The prompt format looks like this:

<input>{"description": "...", "users": [], "chatlog": [...]}</input><output>

Do not prettify the JSON you send — it should be a single line with no newlines or indentation, and a space after colons and commas - as produced by json.dumps() with default settings.

For the first prompt you send you can leave the chatlog empty or this is a good point to “prime” the conversation with a few of your own messages. After the first prompt and response you will start to send some of the previous set of chatlog messages (truncate this to a maximum size like 10 so you don’t fill up your context) and have it continue them for a continously generating chatroom or you can insert your own messages to be part of the conversation.

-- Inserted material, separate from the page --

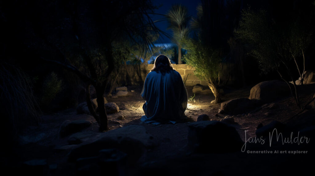 In de tuin getuigen Jezus’ angst en overgave van de diepte van zijn liefde en toewijding. Zijn gebed draagt het gewicht van de menselijke zonde die hij vrijwillig op zich neemt, belichaamt Gods mededogen en effent het pad voor de ultieme overwinning op zonde en dood.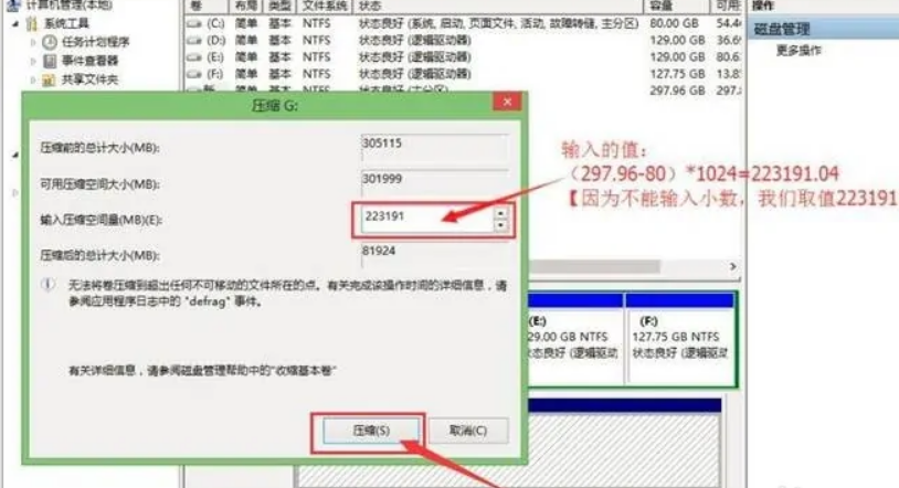 4、需要保留系統盤80GB,這個位置的值輸入=(壓縮分區大小—C盤保留大小,這里是80GB)×1024:即=(297.96-80)×1024 ,這樣就分好了。

The users field can contain a list of user names you want the model to use, or you can leave it empty and let the model invent its own characters. Sometimes the model will add it’s own people anyway, if you want to prevent that you can do so in your own code.

In response the model generates a JSON array of new messages for your code to process. Each message has three fields: username, in-reply-to, and message.

If you are using this in a manner where you are inserting your own messages the model might also generate messages for your username, in those cases you can either programmatically discard that and subsequent messages or add something like {"username": "<yourusername>" as a stop word and programmatically add the closing square bracket so it’s still valid JSON.

The description field

The description field is important to get right. It acts as the scenario prompt, telling the model what kind of chatroom this is, what the members are like, and what they’re talking about.

A short precise description like "people talking about cats" will produce short, narrow exchanges. A richer description produces much better results for example:

A casual conversation in an online chatroom. The members have distinct personalities and their interactions reflect their age, education, and writing styles. Conversations often interleave and are not strictly linear.

An IRC channel where computer nerds hang out.  One is an edgy teen, another an old boomer. They disagree on the best way to deal with internet issues. The moderators do not allow offtopic conversations and keep it SFW.

The description should the tone and character dynamics but you don’t need to specify a topic. If no specific topic is set then the conversation will meander naturally.

One thing to be aware of with the 3B model: if you give it a very specific description (e.g. “a chatroom where everyone argues about cats”) it tends to fixate on that topic. The 8B model is more flexible and treats the description as background context rather than a hard directive, so it will follow the conversation even if it goes off-topic. With the 3B, a more general description works better.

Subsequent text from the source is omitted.